I can see me ending up just getting some Acacia Pearl scales at this rate.


----------



## Hasi (Dec 27, 2017)

ATZ said:


> I can see me ending up just getting some Acacia Pearl scales at this rate.


When funds are plenty go ahead!

1 Pearl = 5 Coffee Gators...


----------



## TimO (Nov 2, 2018)

Please don't anyone take this personally and buy what you wish to buy, but I have an issue with anything from Coffee Gator as its a complete flouting of intellectual property, as they blantantly rip off other manufacturers products.

I used to work in manufacturing in China and saw this all too often. I'm retired now, but as a consumer its not something I'm happy about or would encourage people to support.

Up to you at the end of the day, but just wanted to highlight it.

From my mobile using Tapatalk


----------



## Dylan (Dec 5, 2011)

The same scales are also available from Amazon for less than half the price Amazon UK sells the coffee gator ones for:

https://www.amazon.co.uk/HIYT-Digital-Function-Batteries-Included/dp/B07D4N3M4C/ref=sr_1_fkmr1_3_ccp_nc?

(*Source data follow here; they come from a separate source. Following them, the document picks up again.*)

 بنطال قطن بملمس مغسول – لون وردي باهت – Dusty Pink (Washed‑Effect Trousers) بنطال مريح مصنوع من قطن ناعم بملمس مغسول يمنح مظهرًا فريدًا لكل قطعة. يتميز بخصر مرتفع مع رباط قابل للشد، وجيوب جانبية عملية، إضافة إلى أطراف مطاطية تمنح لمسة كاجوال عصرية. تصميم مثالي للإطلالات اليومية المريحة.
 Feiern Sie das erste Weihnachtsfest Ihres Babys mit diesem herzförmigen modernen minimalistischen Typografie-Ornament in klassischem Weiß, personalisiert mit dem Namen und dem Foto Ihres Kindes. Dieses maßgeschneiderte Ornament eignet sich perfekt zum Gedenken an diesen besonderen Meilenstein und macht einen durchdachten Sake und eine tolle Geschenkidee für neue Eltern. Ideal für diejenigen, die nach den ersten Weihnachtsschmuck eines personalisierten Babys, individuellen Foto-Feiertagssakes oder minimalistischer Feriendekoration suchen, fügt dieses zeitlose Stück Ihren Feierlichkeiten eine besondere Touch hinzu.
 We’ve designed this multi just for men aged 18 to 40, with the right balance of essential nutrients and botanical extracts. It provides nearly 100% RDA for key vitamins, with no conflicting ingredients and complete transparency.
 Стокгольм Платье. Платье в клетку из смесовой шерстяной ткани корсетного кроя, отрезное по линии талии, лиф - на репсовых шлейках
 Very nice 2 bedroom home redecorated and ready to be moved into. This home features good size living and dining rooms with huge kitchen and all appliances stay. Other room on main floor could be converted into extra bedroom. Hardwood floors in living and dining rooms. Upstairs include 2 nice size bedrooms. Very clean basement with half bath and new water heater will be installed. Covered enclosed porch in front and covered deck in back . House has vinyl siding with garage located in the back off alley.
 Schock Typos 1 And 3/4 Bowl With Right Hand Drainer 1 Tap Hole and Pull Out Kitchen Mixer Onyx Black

I wasn't a particular fan of them... They are huge for espresso scales and I had a couple of other gripes like the timer immediately reading one second as soon as its pressed.


----------



## Hasi (Dec 27, 2017)

TimO said:


> Please don't anyone take this personally and buy what you wish to buy, but I have an issue with anything from Coffee Gator as its a complete flouting of intellectual property, as they blantantly rip off other manufacturers products.
> 
> I used to work in manufacturing in China and saw this all too often. I'm retired now, but as a consumer its not something I'm happy about or would encourage people to support.
> 
> ...


That's interesting, please elaborate!


----------